Atkins, in opening remarks, said he believes financial companies that deal in digital assets lack adequate federal oversight.
“Since 2017, as I have led industry efforts to develop best practices for the digital asset industry, I have seen how ambiguous and non-existent regulations for digital assets create uncertainty in the market and inhibit innovation,” he said.
“A top priority of my chairmanship will be to work with my fellow commissioners and Congress to provide a firm regulatory foundation for digital assets through a rational, coherent, and principled approach,” Atkins said.
Flagging what he cast as excessive regulation, Atkins said that he would withdraw an SEC mandate that companies report on their environmental, social and governance performance, a top priority of former SEC Chair Gary Gensler.
“I want to get politics out of the financial markets and out of how the SEC interacts with the financial markets,” he said.
“Unfortunately, there were some out there who were using other people's money to try to influence corporations through the distortions of the corporate governance process and that sort of thing,” he said. “So that will end, and I and we will have protections in place, so that, you know, that money managers and others will be focused on actual, you know, investment strategy and not all politics.”
Atkins declined to say whether he favors abolishing the Public Company Accounting Oversight Board and giving the SEC the responsibility for regulating the accounting firms that audit public companies.
“I think it’s not in my power — it’s up to you all,” he told the committee. “I would support whatever comes.”
The PCAOB for years has been in the cross-hairs of conservative think tanks and Republican lawmakers.

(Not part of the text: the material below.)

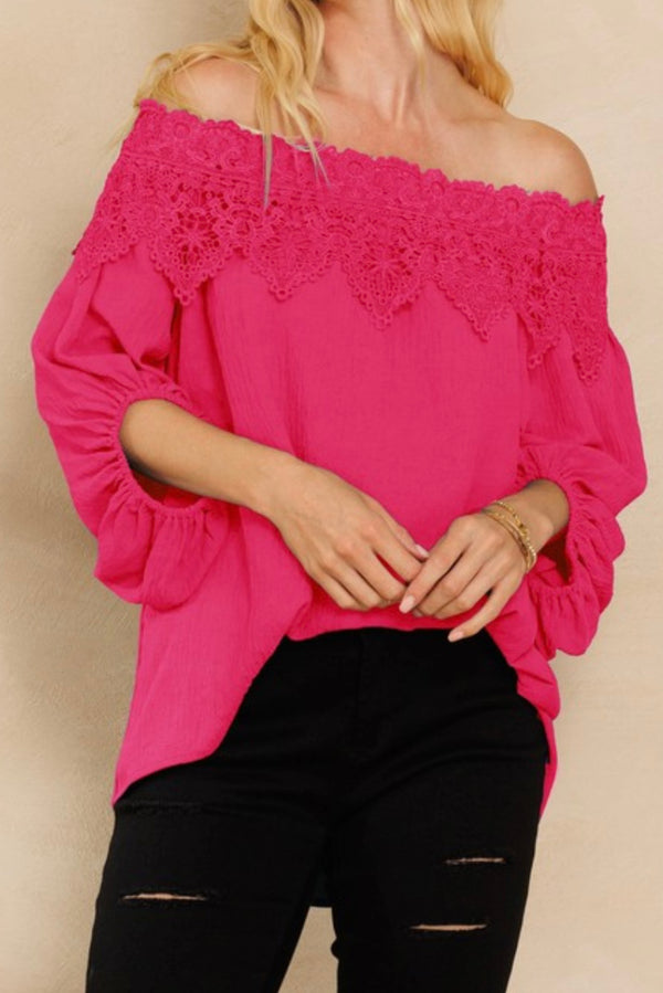 OFF THE SHOULDER CROCHET TRIM 3/4 SLEEVE WOVEN TOP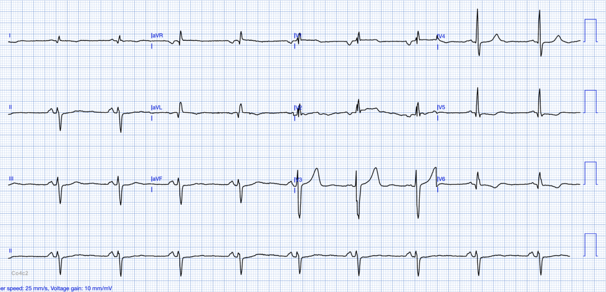 La fragmentation des QRS peut témoigner d’une altération segmentaire dans l’activation électrique des ventricules (cf. Bloc focal). Les étiologies sont extrêmement variées et incluent l’ischémie coronaire (SCA, infarctus, séquelle de nécrose, takotsubo), l’inflammation (Ex. Myocardite), la fibrose (cf. Hypertrophie ventriculaire, cardiomyopathie, cardiopathie congénitale) et la surcharge myocardique (ex. Amylose, sarcoïdose, hémochromatose…), contusion du parenchyme ou tumeur intramyocardique.

The board has “proved to be ineffective, costly, opaque and largely impervious to reform,” according to “Mandate for Leadership,” a key document written by Project 2025, a Heritage Foundation group aimed at influencing the Trump administration.
Atkins acknowledged during the hearing that he provided feedback to authors of the document, which cites his contribution.
“To reduce costs and improve transparency, due process, congressional oversight and responsiveness,” the PCAOB should be abolished, with its regulatory role merged into the SEC, Project 2025 said.